We’ll explore the impact that the pivotal events of the 1960s still have on our lives in four powerful documentaries — Tracy Dros Tragos’s heart-wrenching BE GOOD, SMILE PRETTY about her attempts to get to know her father, a soldier killed in Vietnam; RAM DASS: Fierce Grace about the counter-culture figure’s journey from Harvard professor to spiritual leader to stroke survivor and philosopher on aging; the award-winning THE WEATHER UNDERGROUND, about the infamous movement of student revolutionaries; and LIFE MATTERS about a rural Texas preacher who evolved into a courageous pro-choice doctor even before Roe v. Wade.

We’re also adding some fiction films to our lineup this season, including two new installments of Carlos Avila’s acclaimed FOTO-NOVELAS and COSMOPOLITAN, a delightful romantic comedy drama about an Indian man (Roshan Seth) and his quirky neighbor (Carol Kane).
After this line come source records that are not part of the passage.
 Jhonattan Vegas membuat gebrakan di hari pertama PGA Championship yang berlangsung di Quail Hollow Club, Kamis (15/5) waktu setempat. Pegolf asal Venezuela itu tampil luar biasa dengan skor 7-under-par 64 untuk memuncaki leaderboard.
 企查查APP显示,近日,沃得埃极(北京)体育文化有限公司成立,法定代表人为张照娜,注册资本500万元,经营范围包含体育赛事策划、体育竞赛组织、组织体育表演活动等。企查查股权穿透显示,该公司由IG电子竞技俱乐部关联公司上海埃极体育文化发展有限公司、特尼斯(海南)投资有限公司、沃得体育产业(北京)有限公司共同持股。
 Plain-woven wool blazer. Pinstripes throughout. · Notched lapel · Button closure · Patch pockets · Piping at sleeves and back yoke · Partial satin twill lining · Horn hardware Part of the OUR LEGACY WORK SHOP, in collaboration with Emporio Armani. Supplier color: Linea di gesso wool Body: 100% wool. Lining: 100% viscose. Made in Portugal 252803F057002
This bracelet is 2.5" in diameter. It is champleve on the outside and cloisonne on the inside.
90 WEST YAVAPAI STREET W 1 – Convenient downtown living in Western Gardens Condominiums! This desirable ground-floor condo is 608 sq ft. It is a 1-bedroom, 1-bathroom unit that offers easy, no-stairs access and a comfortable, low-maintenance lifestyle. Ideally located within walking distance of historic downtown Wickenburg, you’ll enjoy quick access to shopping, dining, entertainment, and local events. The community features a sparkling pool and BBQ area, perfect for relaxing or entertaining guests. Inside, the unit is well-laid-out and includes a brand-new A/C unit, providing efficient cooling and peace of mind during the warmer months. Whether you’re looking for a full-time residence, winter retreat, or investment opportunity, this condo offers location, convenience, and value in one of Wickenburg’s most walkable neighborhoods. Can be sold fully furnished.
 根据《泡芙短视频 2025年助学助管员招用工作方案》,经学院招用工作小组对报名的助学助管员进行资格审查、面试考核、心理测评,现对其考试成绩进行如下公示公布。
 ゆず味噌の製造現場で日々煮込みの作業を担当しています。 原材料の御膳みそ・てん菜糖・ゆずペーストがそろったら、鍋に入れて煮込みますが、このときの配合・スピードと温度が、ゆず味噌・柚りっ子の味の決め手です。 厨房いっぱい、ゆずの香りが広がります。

The lives of three artists and poets are examined in EVERY CHILD IS BORN A POET: The Life and Times of Piri Thomas; LOADED GUN: Life, and Death, and Dickinson and WORST POSSIBLE ILLUSION: The Curiosity Cabinet of Vik Muniz. We’ll explore the Asian American experience in DEATH OF A SHAMAN, DOUBLE EXPOSURE, ONE NIGHT AT THE GRAND STAR and REFUGEE as well as the martial arts in SHAOLIN ULYSSES: Kung Fu Monks In America and SUMO EAST AND WEST. And that’s just the beginning. So join us again this fall, Tuesdays at 10 p.m., for the best indie films on television.